馮德壽嘴角微微抽搐,自己哪里有一千兩黃金,琉球宗太摳門了,自己作為歡誼樓供奉,一年供奉錢也才一百兩黃金,自己愿意在琉球宗呆著便是圖在這里可以縱情享樂。
但是,馮、賴二人皆是花錢大手大腳之人,一年到頭這點供奉錢都不夠花,往往還要隨王元上出一兩趟海掙點外快,才能勉強度日。
馮德壽雖是大道無望的修士,但好歹也是飛升境,平常的排場可不能小,宅邸也罷,奴仆也罷,比起琉球宗幾大當家的也不遑多讓。如此窮奢極欲之下,他如何有余錢梳籠寧珂。
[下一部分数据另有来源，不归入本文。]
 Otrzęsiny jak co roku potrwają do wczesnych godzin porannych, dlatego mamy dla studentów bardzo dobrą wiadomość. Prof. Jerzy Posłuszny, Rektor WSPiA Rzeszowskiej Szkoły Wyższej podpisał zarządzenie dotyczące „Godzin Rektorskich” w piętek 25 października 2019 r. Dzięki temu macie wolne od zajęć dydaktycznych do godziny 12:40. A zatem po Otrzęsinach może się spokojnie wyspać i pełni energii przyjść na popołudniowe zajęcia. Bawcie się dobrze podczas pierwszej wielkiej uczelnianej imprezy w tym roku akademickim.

再說了,單單馮德壽一人在霓裳樓的欠賬就有五百兩黃金,南雨筱也知趣,并未向自己討錢,如此想來,馮德壽越是覺得自己對琉球宗極為重要,腰板不禁硬了幾分,雙手抱胸,趾高氣揚道:“翠媽媽,我也不是不講理之人,寧珂姑娘國色天香、傾國傾城,想來所有男人都想占為己有,不過你設下底價我也覺得不妥,你瞧瞧若是再過兩年,寧珂姑娘可就老了,越來越掉價了,不如今日就讓大家伙一同拍賣,價高者得,如何?”
徐天然心思活絡,立即拉著徐徐,耳語一番。
徐徐立即蹦蹦跳跳走了。
在場眾人,鴉雀無聲。
琉球宗的規矩,進入琉球宗的修士只要是一品境界以上便要得到紅河谷本宗的批準方可通行。往來夷州的客商所帶扈從大抵都是二品小宗師境以下,他們那里敢與飛升境大修士搶女人。
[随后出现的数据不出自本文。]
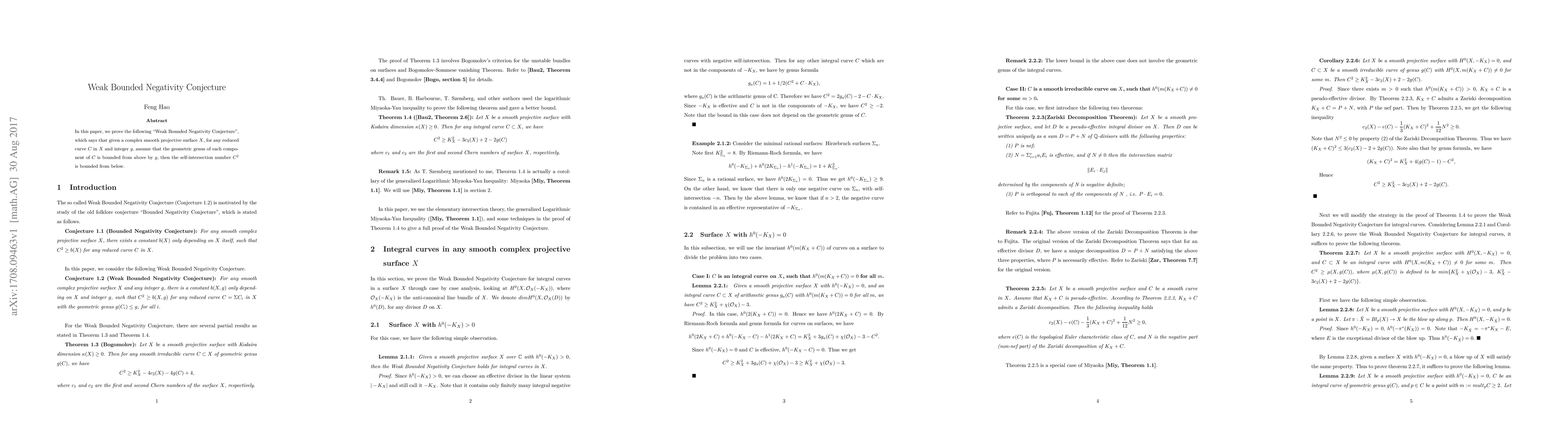 This paper proves the Weak Bounded Negativity Conjecture for complex smooth projective surfaces, showing that if the geometric genus of each component of a reduced curve is bounded above by a fixed integer, then the self-intersection number of the curve is bounded below.

馮德壽恬不知恥道:“我也不作踐寧珂姑娘,我先出價黃金一百兩。”
賴高潔故意解下腰間佩劍,雙手抱胸,佩劍懸在身前,顯然以此威懾眾人。
又是雅雀無聲。
翠姨隱忍不發,先看馮德壽自娛自樂到什么地步,那些個平日里高高在上的客商一時間都沒了膽,連喊個價都不敢。平日里沒少見他們對寧珂垂涎三尺,果然天下男人都是有賊心沒賊膽的慫貨。
忽然,一襲布衣端著滿滿當當酒菜穿過人群,恍若無事一般,高聲道:“客官,酒菜來啦!”
眾目睽睽之下,眾人就看著這名跑堂伙計徑直穿過廳堂,走到馮、賴二人身前,突然,布衣青衫小伙計腳底一滑,一大盤酒菜直接往馮德壽懷里倒去。
馮德壽皺著眉頭,心想不知從哪里冒出來的小伙計,竟然如此大膽,旋即,一掌推出,掌風呼嘯而來,酒菜悉數倒在了徐天然身上。
徐天然臉色如常,只是緩緩起身,將沾在身上的酒肉打落在地,嘆氣一聲:“這么好的酒菜,可惜了。”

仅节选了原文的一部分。